No Natal de 1941, Pietro Ubaldi terminou de escrever a sua história, História de um Homem, um livro pleno de ensinamentos sublimes. Na Páscoa de 1967 concluiu Um Destino Seguindo Cristo. Não são obras romanceadas mas falam muito da vida de seu Autor, sobretudo em relação à Lei de Deus. Este último começa narrando o aparecimento de Cristo e S. Francisco de Assis, na estrada de Colle Umberto (Perúgia), onde fica a Tenuta Santo Antonio. Diz o Autor:

“Numa tranquila paisagem campestre da Úmbria franciscana, nas proximidades de Perúgia, que está a um passo de Assis, na ltália, no suave calor matutino do sol de setembro, um homem de 45 anos de idade subia sozinho a doce inclinação de uma colina. Estava perto de 14 de setembro, dia em que S. Francisco, em 1224, recebera os estigmas no Monte Alverne. (...)

Aquele homem subia a colina com o coração leve, envolvido na euforia de um grande triunfo espiritual. Uma espécie de potente vibração em alta tensão se estava concentrando e acumulando dentro dele. Ao mesmo tempo sentia, confusamente, que alguma coisa, ainda não perceptível, estava se condensando á sua volta, sem forma ainda definida. (...)

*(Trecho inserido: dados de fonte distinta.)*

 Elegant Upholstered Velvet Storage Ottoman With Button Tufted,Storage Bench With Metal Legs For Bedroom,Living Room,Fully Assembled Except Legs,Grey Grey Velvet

Continuou a subir até que desembocou numa larga vereda, no cume da colina que era um plano com algumas oliveiras espalhadas pela amplitude. Solidão silenciosa. Aqui diminuiu o passo. Eram quase 11 horas da manhã. (...)

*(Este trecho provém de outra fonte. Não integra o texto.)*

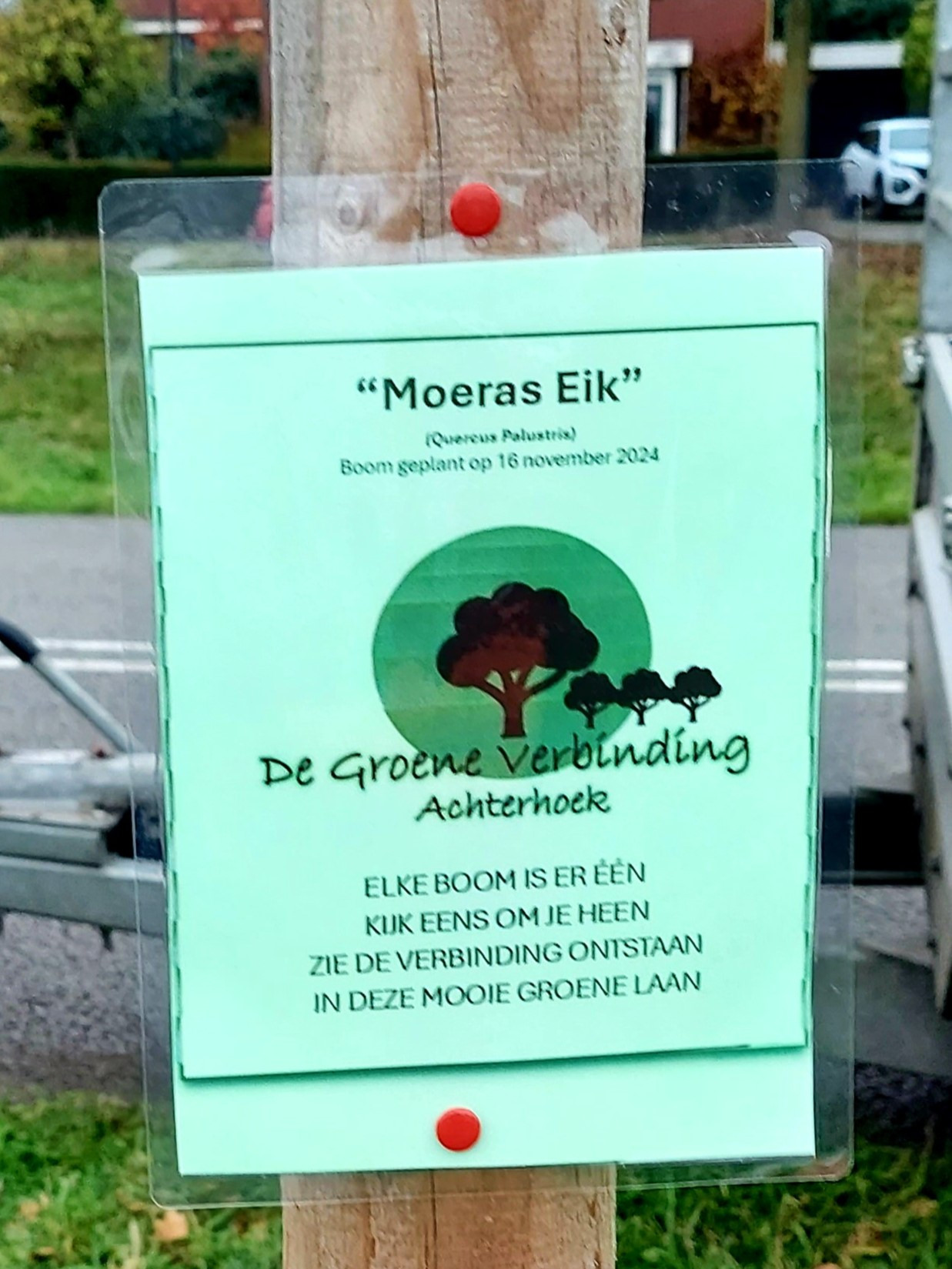 Op 16 november hebben we onze jaarlijkse boom geplant aan de Enkeerdlaan, dit keer een moeraseik.

Sentia como se sua alma saísse da prisão do corpo, quebrasse a barreira do limite que divide as duas formas de vida: material e espiritual e, superado o plano físico e arrebentadas as portas, entrasse em outro mundo, mais alto e longínquo, feito de outra realidade, em que agora se movimentava e vivia. Ele percebia, então, que passava para segundo plano a comum percepção sensorial, prevalescendo em seu lugar diferente tipo de percepção, realizada com outros sentidos, agora interiores, mas capazes de sentir com a mesma potência e segurança, se bem que em forma diversa. Experiência imensa, arrebatadora, que não se pode descrever, porque só quem a viveu pode conhecê-la, verdadeiramente. (...)

Continuou o caminho, com ele avançando duas formas paralelas. Isto durou cerca de 20 minutos, pelo que teve tempo de controlar tudo e de fixá-lo em sua memória, para depois analisar o fenômeno com a psicologia racional, positiva, independente de estados emotivos. (...)

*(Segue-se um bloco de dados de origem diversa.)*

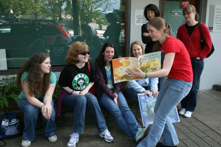 This photo was taken during our senior year roadtrip to Ashland, outside of the youth hostel we stayed in while we were in town to see Measure for Measure with what remained of our girl scout troop 1167 after eleven years together. Sarah is on the far right; she was born with distinctive features, and missed some school every year for the surgeries she needed in order to safely grow into the young woman she became. She had a lot of challenges in life, and I know I only glimpsed the tip of the iceberg of the physical, emotional, and social battles she faced. Sarah had the most radiantly cheerful disposition though, and you never would have known anything was hard or challenging about her life if you were going simply by her attitude.

Continuou a observar. As duas formas não constituiam só uma indefinida manifestação de presença. Cada uma delas transmitia à sua percepção interior uma típica e individual vibração que a definia como pessoa. Foi assim que pôde logo sentir com clareza inequívoca que à sua esquerda estava a figura de S. Francisco e à sua direita a de Cristo. Eles se deslocavam com ele, caminhando, mas não havia colóquio, nem transmissão de pensamentos particulares. A presença de cada um se concentrava, acima de tudo, numa solene afirmação da própria identidade individual.

Não houve testemunhas humanas. Será que, se tivesse havido, elas teriam percebido? Ou fora bom que não tivessem existido, pois, assim poderiam ter paralisado o fenomeno? No entanto, a observação foi exata até ao ponto de se notar: houve uma pequena testemunha e ela demonstrou ter sentido que alguma coisa estava acontecendo. Aquele homem estava acompanhado de seu cachorrinho, acostumado a andar a sua volta. Pois bem, naqueles poucos minutos, ele se comportou diversamente do habitual. Manteve-se à sua volta, ladrando para alguém ou alguma coisa que devia estar percebendo perto do dono. Sem este fato não se explica tal comportamento excepcional, que não tinha outra causa aparente naquela solidão. Aquele cachorro não podia falar e dizer o que havia percebido. Mas era certo que demonstrava haver sentido qualquer coisa.

Percorrido aquele trecho do caminho e aquele breve período de tempo, a alta tensão não pôde ser mais suportada e a visão se desfez lentamente. (...) A visão, no entanto, ficou indelével, gravada a fogo naquela alma, como uma queimadura de luz, uma ferida de amor que jamais o tempo poderá cancelar, feita de saudade, de uma contínua e angustiante espera para com ela reencontrar-se. A visão passou como uma arrebatadora paixão que queima, mas fecunda, deixando uma semente n’alma. Ficou escondida, depois germinou durante sua existência terrena; cresceu, frutificou, produziu novas sementes, para depois brotar, crescer, frutificar novamente noutro lugar, noutras almas, operando o milagre da multiplicação da vida em mais alto nível, no plano espiritual.”